I've noticed that, while the ggml-gpt4all-l13b-snoozy model works, it is very slow almost to the point of being unusable for anything other than testing and there's not yet an option to use GPUs. That why I switched over to testing the ggml-mpt-7b-* models. They are much faster and can be used commercially. I'm hoping someone will release the story-teller model. That one is a beast.

kuvaus commented 1 year ago

The ggml developers were indeed fast. There is already a temporary solution:

    if (mem_per_token > 0 && mem_per_token * N > 0.9*buf_size) {
        const size_t buf_size_new = 1.1 * (mem_per_token * N); // add 10% to account for ggml object overhead

This only works when --batch_size 1.

v0.1.9 now includes that fix so it should work for MPT when --batch_size 1.

Will update more when there will be a permanent solution for all batch sizes but this was so important to get working that I wanted to release v.0.1.9 as soon as it did not always crash.

kuvaus commented 1 year ago

I heard that the snoozy name was because it was so slow. :) And yeah.
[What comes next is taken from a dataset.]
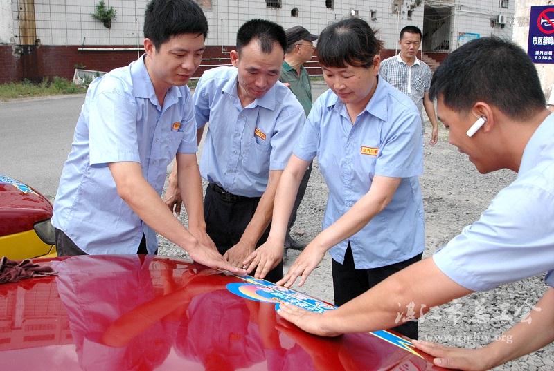 湛汽的哥的姐在帖装“爱心送考”标识
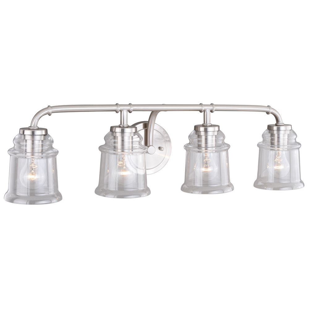 Clean retro lines define this beautiful vanity collection called Toledo. Notes of industrial and farmhouse tradition are defined by the sheen of satin nickel and elegance of clear blown glass. In addition to the vanity lights, the 5.25” mini pendant along with its 13” flush mount partner create the perfect combination of lighting for your bathroom. This collection is available in satin nickel and natural brass finishes.

The MPT models are indeed awesome! Really fast because of only 7B parameters and seem to be really accurate too.

kuvaus commented 1 year ago

v0.2.0 comes with big changes:

Also updates during past few versions:

Big thanks to everyone so far! You have been hugely helpful. :)

chuckbeasley commented 1 year ago

Awesome! Thank you for your hard work.

chuckbeasley commented 1 year ago

With v0.2, does batch_size still need to be set to 1?

kuvaus commented 1 year ago

Nope. It should now work with any batch_size. :)

chuckbeasley commented 1 year ago

Cool. I'm going to go ahead and close this issue.